Find all \(x, y \in \Z_+\) and primes \(p\) such that
\[p^x + 1 = y^2\]
Solution
We begin by rearranging and transforming our equation:
\[ \begin{aligned} p^x + 1 &= y^2 \\ p^x &= y^2 - 1 \\ p^x &= (y+1)(y-1) \end{aligned} \]
Therefore, we have
\[ \left.\begin{aligned} y+1&=p^a, a \in \Z_+ \\ y+1&=p^b, b \in \Z_+, a > b \end{aligned}\right\} \Longrightarrow (y+1)-(y-1) = p^a - p^b \Longrightarrow 2 = p^b(p^{a-b} - 1) \]
This leaves us with two cases:
- Case 1: \(p^b = 2; p^{a-b} - 1 = 1\).
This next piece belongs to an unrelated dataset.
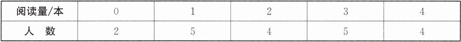 2. 小明为了解本班同学一周课外书的阅读量,随机抽取班上$20$名同学进行调查,调查结果如下表: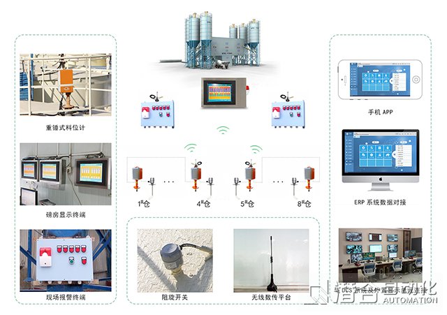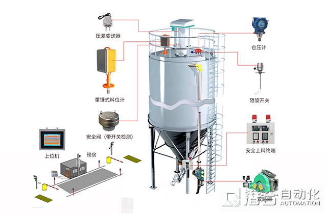 從上料、配料、計(jì)量、加料到攪拌出料都會(huì)出現(xiàn)一定程度的粉塵污染。潛合自動(dòng)化通過安裝于倉頂?shù)闹劐N式料位計(jì)探測(cè)筒倉內(nèi)料面位置,獲取上空值,并通過料倉有效高度、錐體高度、堆積密度、堆積密度算法獲取倉內(nèi)物料存量,對(duì)倉內(nèi)存量有預(yù)期,配合報(bào)警系統(tǒng),方法大大降低了粉塵對(duì)環(huán)境的污染。

This gives us \(p=2,a=2,b=1\).
- Case 2: \(p^b = 1; p^{a-b} - 1 = 2\). This gives us \(p=3,a=1,b=0\).
And therefore the solutions are:
\[\begin{aligned} \textbf{p=2, x=3, y=3} \\ \textbf{p=3, x=1, y=2} \end{aligned}\]
And we are done.